Neuromuscular blockade (NMB), as the name implies, refers to a battery of agents that can specifically bind to the nicotinic receptor at the neuromuscular junction and thus block impulse transmission from the upper nerve to downstream muscle fibers, leading to transient or persistent skeletal muscle relaxation and aiding in easing endotracheal intubation and providing optimal conditions for operating and mechanical ventilation [1]. Many factors have been seen to affect the pharmacokinetics of NMB, such as age, organ function, or the apparent volume of distribution, requiring individualized NMB administration [2,3]. Hence, it is tricky for anesthesiologists to accurately maintain a shallow, moderate, or deep neuromuscular block at a proper time. However, an airway injury during endotracheal intubation, a sudden body-movement in surgical procedure, or a postoperative residual neuromuscular block (PRNB) during the reversal phase caused by the misjudgment of neuromuscular block may end in calamity [4,5,6]. Therefore, to reduce NMB-related complications, perioperative neuromuscular monitoring is highly recommended according to international guidelines to empower NMB with more controllability and to make NMB administration more individualized [7,8,9,10].

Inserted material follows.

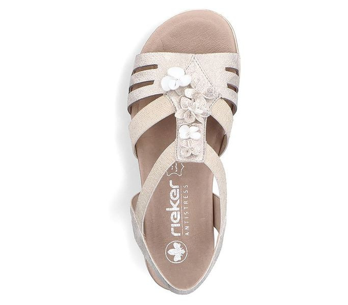 Bézs színű Rieker V3788-60 női szandál. Felsőrészének az anyaga: műbőr felső

Typical perioperative neuromuscular monitoring methods (Figure 1) include acceleromyography (ACC), mechanomyography (MMG), electromyography (EMG), and kinemyography (KMG) [11]. ACC-based equipment chooses a sensor that can evaluate acceleration yielded by muscle contraction [12]. ACC can be applied in many muscles, such as the adductor pollicis muscle, the orbicularis oculi muscle, and the corrugator supercilii muscle [13]. It is currently regarded as the gold standard for scientific research and clinical practice. MMG, which measures force generated by muscle contraction, was once considered the gold standard of neuromuscular monitoring; however, it has been phased out due to its bulky setup. EMG-based equipment records compound action potentials from the target muscle. This technique is a desirable choice for neuromuscular monitoring in clinical settings and is also able to detect neuromuscular blocks at various muscles. KMG-based facilities utilize one kind of piezoelectric mechanosensory to obtain and reflect the contraction of the adductor pollicis muscle [13]. This method is easy to use and clinically reliable.
Figure 1. Typical neuromuscular monitoring patterns. (a) Mechanismography directly measures the force generated by the skeletal muscle. (b) Acceleromyography evaluates acceleration yielded by muscle contraction. (c) Electromyography records compound action potentials from the skeletal muscle. (d) Kinemyography employs a piezoelectric crystal to reflect muscle contraction.
However, frequently used neuromuscular monitoring patterns are always criticized for their diverse shortcomings (Table 1). Despite its universal utilization in clinical settings, ACC is susceptible to artifacts and will probably generate an overrated block degree [12,14]. A conventional ACC-based apparatus records the monaxial movement of the target muscle; therefore, signal quality relies heavily on the posture of the recording sites [15]. Recently, ACC-based equipment capable of estimating the multiplanar movement of the thumb has been developed. However, its feasibility exploration is still in progress [16]. The application of MMG demands a special posture of the hand and an elaborate setup [17]. In addition, this method can only record signals at the adductor pollicis muscle [18]. For EMG, the working principle limits its application intraoperatively owing to disturbances from other electronic equipment in the operating room [19]. In addition, the recording result of the EMG is an electromechanical compound instead of absolute mechanical contraction of skeletal muscle. Similar to MMG, KMG is also subjected to hand position [11]. Moreover, KMG is not interchangeable with MMG according to existing investigations [20].
Table 1. Features of classical neuromuscular monitoring patterns.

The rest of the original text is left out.